Data shown Block Start

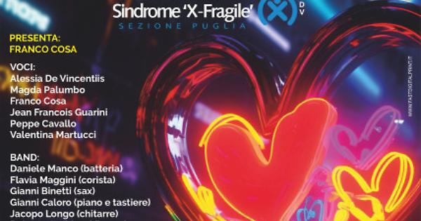 Il cuore della serata batte per la ricerca e il supporto educativo. Durante l'evento sarà attivata una raccolta fondi per sostenere l'instancabile lavoro dell'Associazione guidata dalla presidente Anna De Florio, mamma di Mattia e Isabella. La Sindrome X Fragile è una condizione genetica rara, principale causa ereditaria di disabilità intellettiva e disturbi dello spettro autistico: dal 2011, l’ODV pugliese è un faro per le famiglie, garantendo percorsi psicologici e di autonomia ai ragazzi.
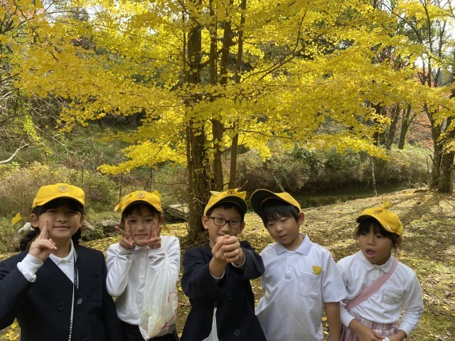 落ち葉拾いに行きました!きれいなイチョウやカエデ、桜の木の葉っぱなど、沢山拾うことができました。キャンプ場の近くでは沢山のどんぐりを拾いました。この落ち葉は、伊都地方総合文化祭に出品する生活科の作品で使用する予定です。(お休みだった子の分も沢山拾ったので安心してね。)
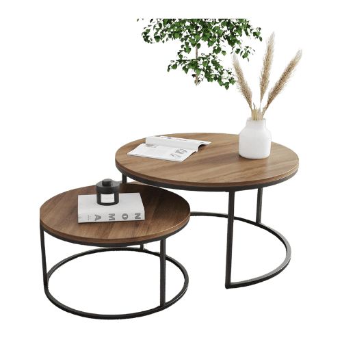 Woodx NOMA Modern Nesting Coffee Table Set of 2, Round Industrial Wood and Metal Accent Tables for Living Room

Data shown Block End

* Exercise description: Output all of the data exactly. Skip the pictures.

* Answer section:
 Il cuore della serata batte per la ricerca e il supporto educativo. Durante l'evento sarà attivata una raccolta fondi per sostenere l'instancabile lavoro dell'Associazione guidata dalla presidente Anna De Florio, mamma di Mattia e Isabella. La Sindrome X Fragile è una condizione genetica rara, principale causa ereditaria di disabilità intellettiva e disturbi dello spettro autistico: dal 2011, l’ODV pugliese è un faro per le famiglie, garantendo percorsi psicologici e di autonomia ai ragazzi.
 落ち葉拾いに行きました!きれいなイチョウやカエデ、桜の木の葉っぱなど、沢山拾うことができました。キャンプ場の近くでは沢山のどんぐりを拾いました。この落ち葉は、伊都地方総合文化祭に出品する生活科の作品で使用する予定です。(お休みだった子の分も沢山拾ったので安心してね。)
 Woodx NOMA Modern Nesting Coffee Table Set of 2, Round Industrial Wood and Metal Accent Tables for Living Room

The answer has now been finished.